- What to produce
For the records below, print the lines from the line with "具备隐藏的LED照明灯,提供" through the line with "为深入了解双桥校区教学运行情" exactly as written; include both end lines and exclude the rest.

- Given records
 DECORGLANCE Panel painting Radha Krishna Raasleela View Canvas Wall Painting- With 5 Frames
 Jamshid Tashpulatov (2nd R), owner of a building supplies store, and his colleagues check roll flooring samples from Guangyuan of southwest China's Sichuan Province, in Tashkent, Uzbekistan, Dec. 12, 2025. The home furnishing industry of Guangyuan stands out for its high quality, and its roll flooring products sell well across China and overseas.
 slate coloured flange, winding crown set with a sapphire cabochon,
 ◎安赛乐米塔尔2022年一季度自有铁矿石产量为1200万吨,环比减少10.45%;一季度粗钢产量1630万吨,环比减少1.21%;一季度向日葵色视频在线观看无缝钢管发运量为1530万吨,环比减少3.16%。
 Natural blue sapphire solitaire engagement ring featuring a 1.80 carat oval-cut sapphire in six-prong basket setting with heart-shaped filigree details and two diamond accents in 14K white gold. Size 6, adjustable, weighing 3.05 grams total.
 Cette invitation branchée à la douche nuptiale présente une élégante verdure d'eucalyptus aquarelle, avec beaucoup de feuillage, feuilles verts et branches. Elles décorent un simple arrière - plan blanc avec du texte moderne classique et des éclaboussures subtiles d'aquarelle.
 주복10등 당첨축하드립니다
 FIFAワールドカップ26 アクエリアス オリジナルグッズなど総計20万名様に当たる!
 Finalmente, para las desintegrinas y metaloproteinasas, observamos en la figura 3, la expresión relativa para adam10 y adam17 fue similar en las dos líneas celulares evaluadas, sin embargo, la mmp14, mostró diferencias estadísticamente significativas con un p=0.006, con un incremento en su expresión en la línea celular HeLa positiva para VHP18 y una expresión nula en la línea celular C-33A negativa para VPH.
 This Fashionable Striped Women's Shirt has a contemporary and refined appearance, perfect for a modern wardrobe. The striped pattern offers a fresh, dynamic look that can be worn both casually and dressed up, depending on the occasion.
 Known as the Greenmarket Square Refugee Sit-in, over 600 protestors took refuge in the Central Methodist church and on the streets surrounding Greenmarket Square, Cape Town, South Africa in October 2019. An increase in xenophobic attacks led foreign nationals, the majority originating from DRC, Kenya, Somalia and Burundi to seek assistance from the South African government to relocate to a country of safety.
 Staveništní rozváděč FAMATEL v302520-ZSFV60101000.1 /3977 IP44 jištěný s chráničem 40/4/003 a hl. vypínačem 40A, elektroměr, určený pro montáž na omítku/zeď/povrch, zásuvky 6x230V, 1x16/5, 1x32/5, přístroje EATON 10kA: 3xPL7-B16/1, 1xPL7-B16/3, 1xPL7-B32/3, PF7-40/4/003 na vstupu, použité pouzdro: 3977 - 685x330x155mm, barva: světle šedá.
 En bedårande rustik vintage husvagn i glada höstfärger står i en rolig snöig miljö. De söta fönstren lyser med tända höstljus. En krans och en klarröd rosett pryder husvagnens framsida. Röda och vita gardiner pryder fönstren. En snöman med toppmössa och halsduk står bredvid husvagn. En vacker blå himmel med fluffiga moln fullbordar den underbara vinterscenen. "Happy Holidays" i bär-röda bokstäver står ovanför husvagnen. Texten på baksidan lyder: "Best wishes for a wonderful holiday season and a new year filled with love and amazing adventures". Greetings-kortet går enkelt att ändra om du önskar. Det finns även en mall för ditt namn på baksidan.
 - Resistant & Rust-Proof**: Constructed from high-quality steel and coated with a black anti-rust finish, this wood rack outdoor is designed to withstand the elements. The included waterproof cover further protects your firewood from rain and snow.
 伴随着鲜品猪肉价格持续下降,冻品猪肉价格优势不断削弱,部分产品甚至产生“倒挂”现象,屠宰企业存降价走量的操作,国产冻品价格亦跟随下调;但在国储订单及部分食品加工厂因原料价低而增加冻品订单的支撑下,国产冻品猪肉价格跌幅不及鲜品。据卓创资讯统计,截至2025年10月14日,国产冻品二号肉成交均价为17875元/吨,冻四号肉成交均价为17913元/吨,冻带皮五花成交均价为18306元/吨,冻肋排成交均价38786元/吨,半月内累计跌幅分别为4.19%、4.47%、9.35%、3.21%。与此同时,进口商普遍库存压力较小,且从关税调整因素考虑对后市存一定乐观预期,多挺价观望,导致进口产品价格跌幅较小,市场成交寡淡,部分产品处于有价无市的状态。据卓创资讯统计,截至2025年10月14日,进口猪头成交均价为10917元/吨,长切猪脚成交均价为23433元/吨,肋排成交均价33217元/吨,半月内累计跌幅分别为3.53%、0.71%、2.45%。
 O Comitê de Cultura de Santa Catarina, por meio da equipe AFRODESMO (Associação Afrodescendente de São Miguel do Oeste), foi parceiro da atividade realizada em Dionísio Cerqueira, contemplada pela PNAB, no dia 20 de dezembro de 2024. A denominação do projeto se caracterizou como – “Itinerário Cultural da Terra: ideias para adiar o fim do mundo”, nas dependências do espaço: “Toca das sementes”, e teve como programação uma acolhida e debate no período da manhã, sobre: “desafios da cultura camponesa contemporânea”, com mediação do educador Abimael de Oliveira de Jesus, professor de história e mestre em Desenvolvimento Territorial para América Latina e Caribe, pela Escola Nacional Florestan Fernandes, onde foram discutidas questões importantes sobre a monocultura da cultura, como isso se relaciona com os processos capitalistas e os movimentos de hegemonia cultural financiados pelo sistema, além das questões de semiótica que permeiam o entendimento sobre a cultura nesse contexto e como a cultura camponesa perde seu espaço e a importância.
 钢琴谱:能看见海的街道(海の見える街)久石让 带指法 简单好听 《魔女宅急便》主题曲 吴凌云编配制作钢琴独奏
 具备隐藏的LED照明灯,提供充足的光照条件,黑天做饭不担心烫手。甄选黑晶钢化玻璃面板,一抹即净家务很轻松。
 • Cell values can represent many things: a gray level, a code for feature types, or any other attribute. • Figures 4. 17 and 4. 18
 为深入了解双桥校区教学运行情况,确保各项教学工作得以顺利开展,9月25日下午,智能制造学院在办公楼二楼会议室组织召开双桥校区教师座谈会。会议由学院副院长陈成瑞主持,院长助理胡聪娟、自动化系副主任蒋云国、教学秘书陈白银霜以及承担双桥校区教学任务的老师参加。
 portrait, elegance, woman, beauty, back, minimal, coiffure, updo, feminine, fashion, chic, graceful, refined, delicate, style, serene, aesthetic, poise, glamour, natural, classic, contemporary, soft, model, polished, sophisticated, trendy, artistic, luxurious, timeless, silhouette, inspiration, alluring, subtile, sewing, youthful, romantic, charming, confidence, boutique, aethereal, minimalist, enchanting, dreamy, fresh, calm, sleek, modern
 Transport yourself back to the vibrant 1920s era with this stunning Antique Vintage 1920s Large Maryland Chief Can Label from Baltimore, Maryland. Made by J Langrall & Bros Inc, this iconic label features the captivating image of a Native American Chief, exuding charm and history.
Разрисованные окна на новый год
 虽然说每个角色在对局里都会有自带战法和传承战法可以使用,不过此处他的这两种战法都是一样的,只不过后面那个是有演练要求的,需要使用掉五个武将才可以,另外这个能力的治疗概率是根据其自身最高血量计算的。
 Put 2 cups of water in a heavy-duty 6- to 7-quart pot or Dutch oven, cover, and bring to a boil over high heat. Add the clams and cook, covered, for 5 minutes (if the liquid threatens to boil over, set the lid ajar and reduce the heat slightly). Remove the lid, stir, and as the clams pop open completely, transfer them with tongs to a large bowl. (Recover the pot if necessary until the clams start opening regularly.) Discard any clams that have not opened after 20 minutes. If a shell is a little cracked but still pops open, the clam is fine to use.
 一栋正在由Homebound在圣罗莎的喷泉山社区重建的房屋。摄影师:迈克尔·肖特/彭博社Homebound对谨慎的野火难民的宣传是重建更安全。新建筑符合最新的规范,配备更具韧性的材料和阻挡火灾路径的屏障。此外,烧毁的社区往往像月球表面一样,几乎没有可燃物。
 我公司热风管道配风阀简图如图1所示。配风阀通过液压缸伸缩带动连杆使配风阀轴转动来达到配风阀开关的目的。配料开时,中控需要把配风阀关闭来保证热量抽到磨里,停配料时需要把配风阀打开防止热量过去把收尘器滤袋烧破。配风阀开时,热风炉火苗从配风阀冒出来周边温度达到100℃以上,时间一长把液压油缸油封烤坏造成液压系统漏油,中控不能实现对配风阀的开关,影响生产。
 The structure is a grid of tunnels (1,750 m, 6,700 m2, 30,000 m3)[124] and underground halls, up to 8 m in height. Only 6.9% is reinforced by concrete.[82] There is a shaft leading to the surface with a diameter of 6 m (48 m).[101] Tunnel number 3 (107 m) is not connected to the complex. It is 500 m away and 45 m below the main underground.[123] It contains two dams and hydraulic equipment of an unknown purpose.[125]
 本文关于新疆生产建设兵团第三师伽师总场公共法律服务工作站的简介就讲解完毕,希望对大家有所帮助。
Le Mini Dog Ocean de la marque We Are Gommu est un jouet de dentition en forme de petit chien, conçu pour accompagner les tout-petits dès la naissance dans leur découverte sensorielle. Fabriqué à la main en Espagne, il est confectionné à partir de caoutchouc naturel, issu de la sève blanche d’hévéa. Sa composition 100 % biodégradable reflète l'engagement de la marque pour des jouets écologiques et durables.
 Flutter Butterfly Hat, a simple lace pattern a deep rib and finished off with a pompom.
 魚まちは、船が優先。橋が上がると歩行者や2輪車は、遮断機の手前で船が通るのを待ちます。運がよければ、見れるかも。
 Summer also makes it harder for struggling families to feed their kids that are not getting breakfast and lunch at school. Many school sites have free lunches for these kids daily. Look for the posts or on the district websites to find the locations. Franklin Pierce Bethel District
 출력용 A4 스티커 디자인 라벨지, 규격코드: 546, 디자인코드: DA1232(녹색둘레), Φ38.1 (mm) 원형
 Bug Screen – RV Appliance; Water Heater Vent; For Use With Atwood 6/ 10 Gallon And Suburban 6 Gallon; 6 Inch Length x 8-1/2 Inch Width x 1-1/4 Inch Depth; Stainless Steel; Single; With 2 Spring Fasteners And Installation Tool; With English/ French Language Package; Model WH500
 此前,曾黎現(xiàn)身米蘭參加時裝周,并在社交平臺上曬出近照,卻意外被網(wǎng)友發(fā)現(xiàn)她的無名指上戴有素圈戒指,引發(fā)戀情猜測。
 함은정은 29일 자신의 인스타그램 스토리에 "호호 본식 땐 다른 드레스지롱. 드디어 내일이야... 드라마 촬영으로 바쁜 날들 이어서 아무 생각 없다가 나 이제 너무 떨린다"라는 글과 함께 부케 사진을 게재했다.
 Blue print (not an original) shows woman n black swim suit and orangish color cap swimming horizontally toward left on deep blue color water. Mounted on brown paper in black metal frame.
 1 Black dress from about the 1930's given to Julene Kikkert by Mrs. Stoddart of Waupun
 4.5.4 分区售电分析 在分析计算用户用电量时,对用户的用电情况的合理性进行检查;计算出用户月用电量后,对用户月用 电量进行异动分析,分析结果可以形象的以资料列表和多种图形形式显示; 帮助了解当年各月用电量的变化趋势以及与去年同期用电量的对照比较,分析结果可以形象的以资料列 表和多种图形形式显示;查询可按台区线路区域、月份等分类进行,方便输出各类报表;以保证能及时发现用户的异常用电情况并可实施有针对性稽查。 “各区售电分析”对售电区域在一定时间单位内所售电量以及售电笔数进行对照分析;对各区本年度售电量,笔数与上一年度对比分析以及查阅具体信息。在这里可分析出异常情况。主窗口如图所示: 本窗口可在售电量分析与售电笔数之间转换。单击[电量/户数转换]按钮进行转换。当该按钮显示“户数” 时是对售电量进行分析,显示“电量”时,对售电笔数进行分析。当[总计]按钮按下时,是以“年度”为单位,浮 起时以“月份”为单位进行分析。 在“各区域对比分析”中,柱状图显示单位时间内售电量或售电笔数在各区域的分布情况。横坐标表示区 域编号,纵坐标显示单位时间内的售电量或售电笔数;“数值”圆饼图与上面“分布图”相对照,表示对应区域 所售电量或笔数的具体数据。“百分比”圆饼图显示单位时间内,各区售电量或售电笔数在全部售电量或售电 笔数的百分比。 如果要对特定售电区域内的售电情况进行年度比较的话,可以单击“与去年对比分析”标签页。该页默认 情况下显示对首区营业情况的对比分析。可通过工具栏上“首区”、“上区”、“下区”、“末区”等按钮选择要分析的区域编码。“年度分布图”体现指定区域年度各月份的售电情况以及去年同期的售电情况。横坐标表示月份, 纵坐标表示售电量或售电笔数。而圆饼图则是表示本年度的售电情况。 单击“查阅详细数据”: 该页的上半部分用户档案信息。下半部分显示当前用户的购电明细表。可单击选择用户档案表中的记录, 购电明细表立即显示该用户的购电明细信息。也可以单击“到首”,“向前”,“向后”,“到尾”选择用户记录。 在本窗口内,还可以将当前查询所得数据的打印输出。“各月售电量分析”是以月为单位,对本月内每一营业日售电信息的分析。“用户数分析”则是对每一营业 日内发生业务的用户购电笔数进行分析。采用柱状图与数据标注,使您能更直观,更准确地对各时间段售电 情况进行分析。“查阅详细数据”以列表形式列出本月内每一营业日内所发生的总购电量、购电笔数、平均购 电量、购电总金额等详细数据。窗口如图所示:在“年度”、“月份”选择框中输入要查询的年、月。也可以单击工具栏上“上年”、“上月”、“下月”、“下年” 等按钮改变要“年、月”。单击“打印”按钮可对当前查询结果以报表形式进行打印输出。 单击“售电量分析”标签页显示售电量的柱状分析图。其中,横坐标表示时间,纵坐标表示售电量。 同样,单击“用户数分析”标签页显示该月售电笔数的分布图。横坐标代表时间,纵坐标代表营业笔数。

- Task solution
 具备隐藏的LED照明灯,提供充足的光照条件,黑天做饭不担心烫手。甄选黑晶钢化玻璃面板,一抹即净家务很轻松。
 • Cell values can represent many things: a gray level, a code for feature types, or any other attribute. • Figures 4. 17 and 4. 18
 为深入了解双桥校区教学运行情况,确保各项教学工作得以顺利开展,9月25日下午,智能制造学院在办公楼二楼会议室组织召开双桥校区教师座谈会。会议由学院副院长陈成瑞主持,院长助理胡聪娟、自动化系副主任蒋云国、教学秘书陈白银霜以及承担双桥校区教学任务的老师参加。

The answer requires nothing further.